Resource · Updated June 2026

Site Acquisition Readiness Guide

Site acquisition work is parallel, not linear — zoning research, lease work, title review, and package compilation often run at once on the same site. This guide gives each phase a short readiness test so handoffs happen on evidence instead of optimism.

How to use this guide

Each phase below ends with readiness questions. If a question cannot be answered with a document, a citation, or a named owner and date, treat the phase as open — and write the gap down where the whole team can see it.

The single most expensive habit in site work is the silent assumption: someone believes a record exists, nobody verifies it, and the gap surfaces at the milestone. Every question here exists because that gap has surfaced before.

Phase 1 — Assignment and search ring

Work begins with a customer demand signal: a search ring or site assignment, a template, and a deadline. Readiness here is about capturing the assignment completely before research begins.

  • Work order or PO on file with scope and deliverables identified
  • Search ring definition recorded — center point, radius, and program requirements
  • Customer template or workbook version confirmed as current
  • Due dates and milestone structure entered in the tracker
  • A named owner for the assignment

Phase 2 — Candidate identification and review

Candidates accumulate documents at different rates. The readiness test is whether each candidate has one coherent file a reviewer could pick up cold.

  • Each candidate has its own folder with data sheet, photos, maps, and notes
  • Parcel reference and owner-of-record identified per candidate
  • Known constraints recorded — access, ground space, utilities, structural
  • Stale items flagged: owner changes, expired listings, outdated photos
  • Comparison notes drafted with open items listed per candidate

Phase 3 — Owner research and outreach

Outreach fails quietly when contact records and conversation history are scattered. Keep both in one place per owner, and track commitments to closure.

  • Owner contact details verified against a current source
  • Outreach log maintained — dates, channel, response, next step
  • Commitments and consents tracked with dates, not memories
  • Sensitive personal information stored restrictively, never in shared notes

Phase 4 — Zoning and permitting research

Submissions fail on completeness more often than substance. Research readiness means the package answers what the jurisdiction actually asks — in its current ordinance language, not last year's.

  • Jurisdiction identified with current checklist or application instructions on file
  • Zoning district and tower-specific requirements recorded with citations
  • By-right versus conditional-use path determined, with hearing requirements noted
  • Prior approvals and conditions reviewed against current scope
  • Ordinance vintage checked — requirements verified against the current text

Phase 5 — Lease and document work

Lease milestones rarely stall on negotiation alone; they stall on missing exhibits, unsigned consents, and commitments nobody tracked. The file should be verifiable before it reaches counsel.

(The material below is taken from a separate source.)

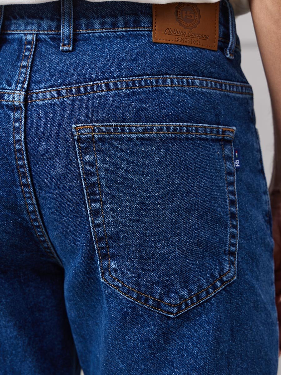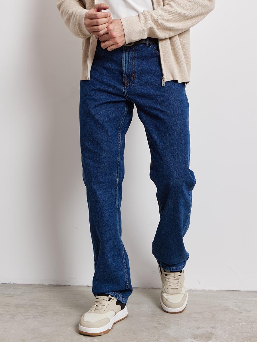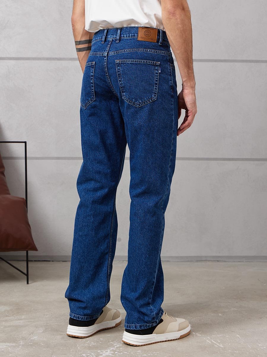 Мужские классические джинсы с пятью карманами. Посадка Comfort fit (свободные по бедру), высокая талия, широкие в колене и по низу. Застежка на молнии. Выполнены из традиционной хлопковой ткани denim. Темная стирка с камнями (stone wash).
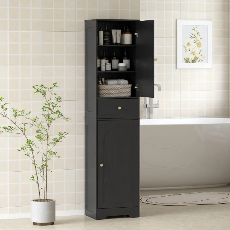 HOMCOM 67" Tall Bathroom Cabinet, Slim Bathroom Storage Cabinet with 2 Doors, Drawer and Adjustable Shelf, Black Wood Grain(m-12)

  • Current agreement state summarized per site with section references
  • All exhibits, memos, and consents present or listed as missing
  • Open commercial questions organized by who must answer them
  • Owner follow-ups tracked with owners and dates

Phase 6 — Package compilation and milestone evidence

Whether the deliverable is a SCIP package, a permit application, or a pay point file, the same rule holds: every field answered or explicitly marked unavailable, every answer cited, every exhibit consistent with the others.

  • Package fields complete, cited, or marked unavailable — no silent blanks
  • Maps, labels, and coordinates consistent across exhibits
  • Required photos captured and matched to sites
  • Evidence inventory checked against the milestone deliverable list
  • Readiness summary drafted for the responsible party's verification

Phase 7 — Handoff and closeout

A good handoff lets the receiving team act without a meeting. A good closeout lets finance invoice without a document hunt.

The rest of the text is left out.